Israeli police APT is persistent, but not advanced

Research from Seculert shows that the attackers sent an email with a Remote Access Tool called "Xtreme RAT" attached. The RAT malware communicates with a command & control (C&C ) server which uses a free dynamic DNS service.

“This APT is not advanced,” said Seculert CTO Aviv Raff, in a blog. “There is a publicly available website which allows any attacker to buy Xtreme RAT, this time for as low as 40 Euro.”

Therefore, he said, this targeted attack is indeed an APT, but in this case the acronym simply stands for "a persistent threat,” no “advanced” in the mix. But it’s effective enough to cause the Israeli Police to disconnect its entire network from the internet, in order to further investigate the persistency of the attack.

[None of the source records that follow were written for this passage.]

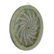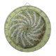 Photo image of a round crocheted pad with variegated greens as a background and white as the spiral arms radiating out from the centre. Edge of board is a medium yellow-green (may be customised).
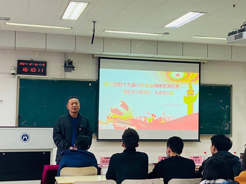 韩作生充分肯定了同学们的精彩表现,结合对参赛选手的点评又深入地对党的十九届六中全会精神进行了宣讲,他指出要认真学习和贯彻落实好党的十九届六中全会精神,准确把握“两个确立”的决定性意义,把“两个确立”转化为做到“两个维护”的思想自觉、政治自觉、行动自觉。要统一思想、凝聚共识、汇聚力量,听党话、感党恩、跟党走,在提升思想中坚定理想信念,践行使命担当;要以史为鉴、开拓未来、不忘初心、牢记使命,厚植爱国主义情怀,把爱国情、强国志、报国行自觉融入坚持和发展中国特色社会主义事业中。要积极应对新形势、新挑战、新使命,在传承和创新中不断提升自身能力,用知识奉献社会,用实践实现价值,在经济社会高质量发展中展现青春英姿、迸发青春活力,为实现第二个百年奋斗目标、实现中华民族伟大复兴而努力奋斗。
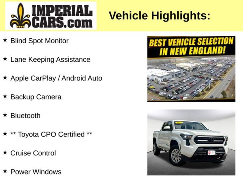 Blind Spot Monitor, Lane Keeping Assistance, Apple CarPlay / Android Auto, Backup Camera, Bluetooth, ** Toyota CPO Certified **, Cruise Control, Power Windows, Power Locks, Steering Wheel Radio Controls, Aluminum Wheels, 4WD. Certified. Ice Cap 2025 Toyota Tacoma SR5 SR5 4D Double Cab 2.4L 4-Cylinder 4WD 8-Speed Automatic
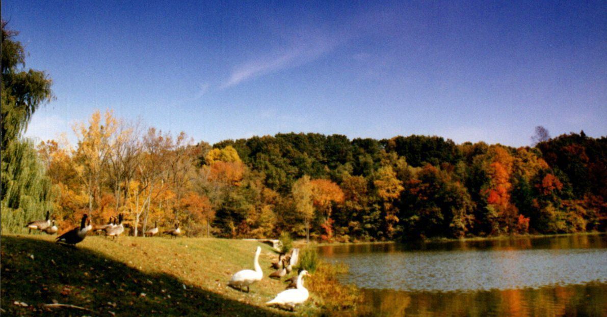 Geese line the shore of Mount Gilead Lake at Mt. Gilead State Park as autumn color transforms the surrounding hillsides and lakeshore.
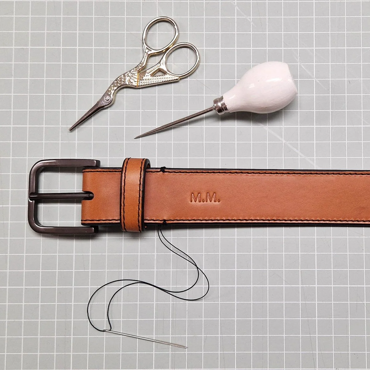 The monogram can be placed either close to the buckle or on the end of the belt. Take into consideration that if you don’t want anyone to see your initials, you should opt for the position near the buckle.
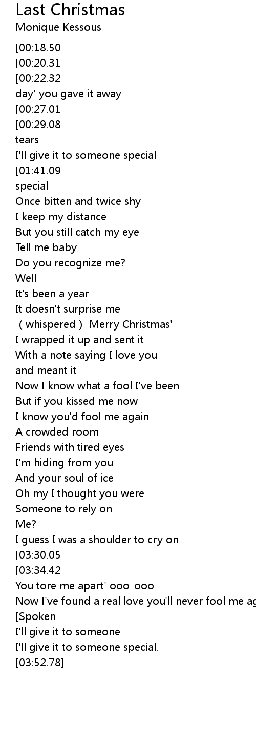 | [00:00.90][00:18.50][01:28.09][01:45.54][02:55.45][03:12.86] | Last Christmas |
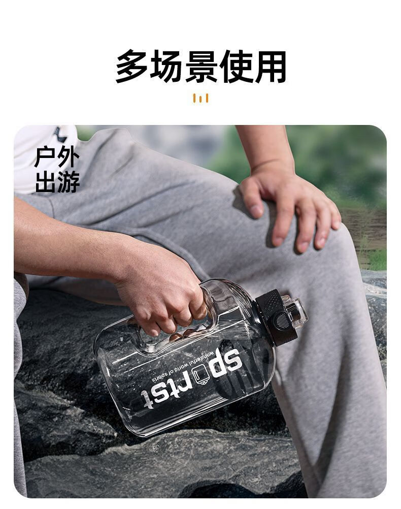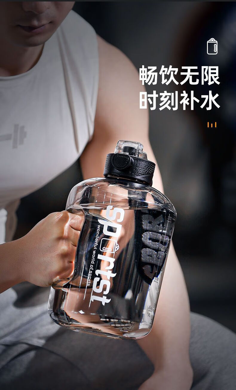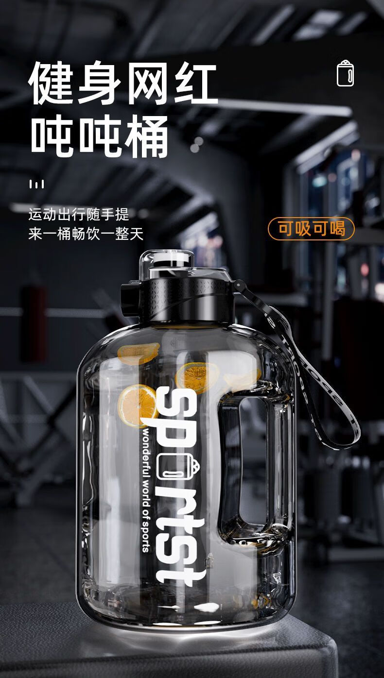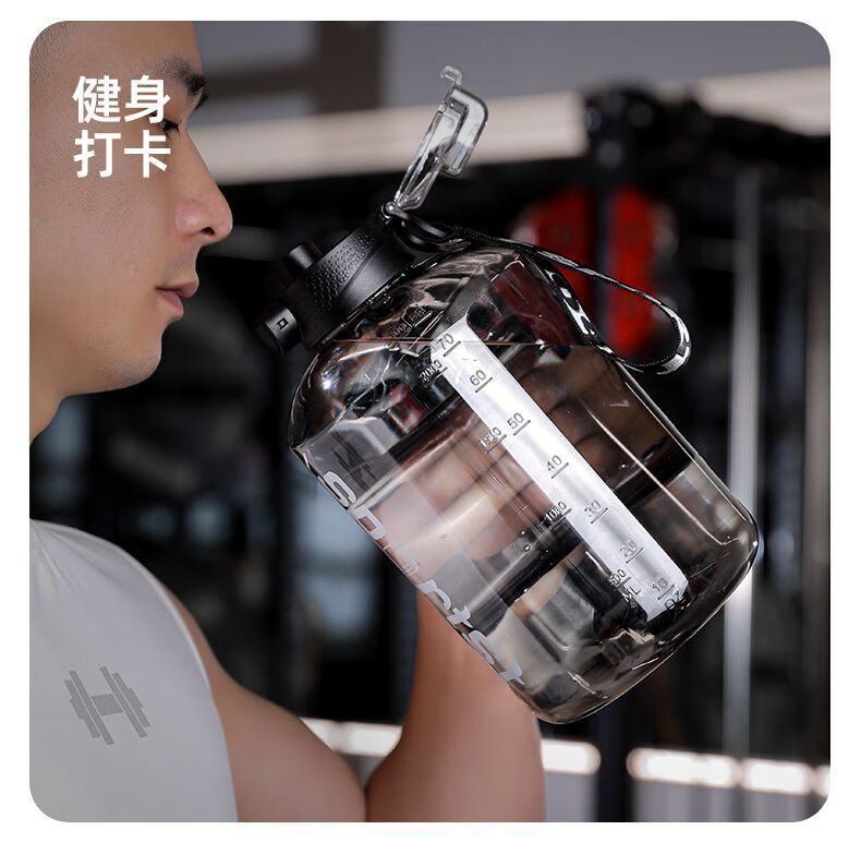 AISHUBEI Welfare 2024 New Water Cup Large Capacity Men's and Women's Ton Bucket Construction Site Anti-fall Space Cup Pot Sports Explosion-proof Black 1800ml + Straw + Rope + Cup Brush
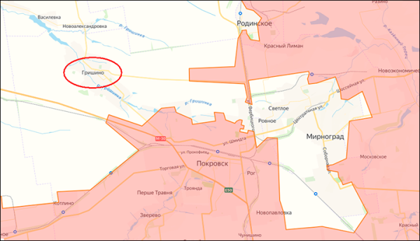 В последние пару дней фиксируется продвижение наших штурмовиков в окрестностях Гришино – села, расположенного к западу от Покровска, на исключительно важной дорожной развязке. Ещё две недели назад именно в этом селе украинское командование накапливало силы для деблокирующего удара, то есть оно было хоть и ближним, но тылом. Теперь же русская пехота пробует его на зуб. Это значит, что противник не только выбит с северной окраины Покровска, но и потерял поля между городом и селом.

Seculert points out that persistency has been the key to several other attacks as of late, including Shamoon, Mahdi and the RSA breach in 2011. For instance, the malware involved in the RSA attack was a four-year-old, freely available downloadable RAT called Poison Ivy.

“The attackers were using a non-‘advanced’ malware, but because it took RSA six months to identify the attack, it was ‘persistent’ enough to be called APT,” Raff said.

Recently, Seculert has encountered many different non-advanced APTs, he noted, “from state-sponsored to hacktivists to unknown adversaries - which seem to be using non-advanced, yet effective ammo,” Raff said.

In July, the Mahdi malware successfully targeted different entities from specific industries in the Middle East. Raff points out that the malware itself was not very sophisticated, however it was able to infect and monitor more than 1,000 targeted machines. And as to the persistency of the threat, the attackers behind Mahdi are continuing their work today, he said.

This profile also fits one of the most widely publicized attacks this year. In late August, Shamoon arrived targeting the energy and oil companies in the Arabian (Persian) Gulf.

“Again, while it was effectively destructive malware (wiping 30,000 machines), the code itself was not advanced,” Raff said. “Moreover, it seems Shamoon was part of a persistent two-stage attack, meaning there was another malware involved that bypassed on-premise security solutions and was wiped by Shamoon to cover the attacker's real intention.”

The lesson for companies and governments is to maintain a level of analysis sufficient enough to understand the scope of any attack.

“It is so valuable for any CISO or security manager to understand the persistency of such attacks,” Raff said. “The only cost-effective way to do so is to utilize the cloud as a technology enabler and analyze - using CPU intensive machine learning methodologies - the huge amount of log data generated by the corporate's gateways and proxies, over a long enough period of time - weeks, months, or even years. In general, this is the only type of security solution that allows CISOs to identify and automatically detect even the most persistent attacks, regardless if they are advanced or not.”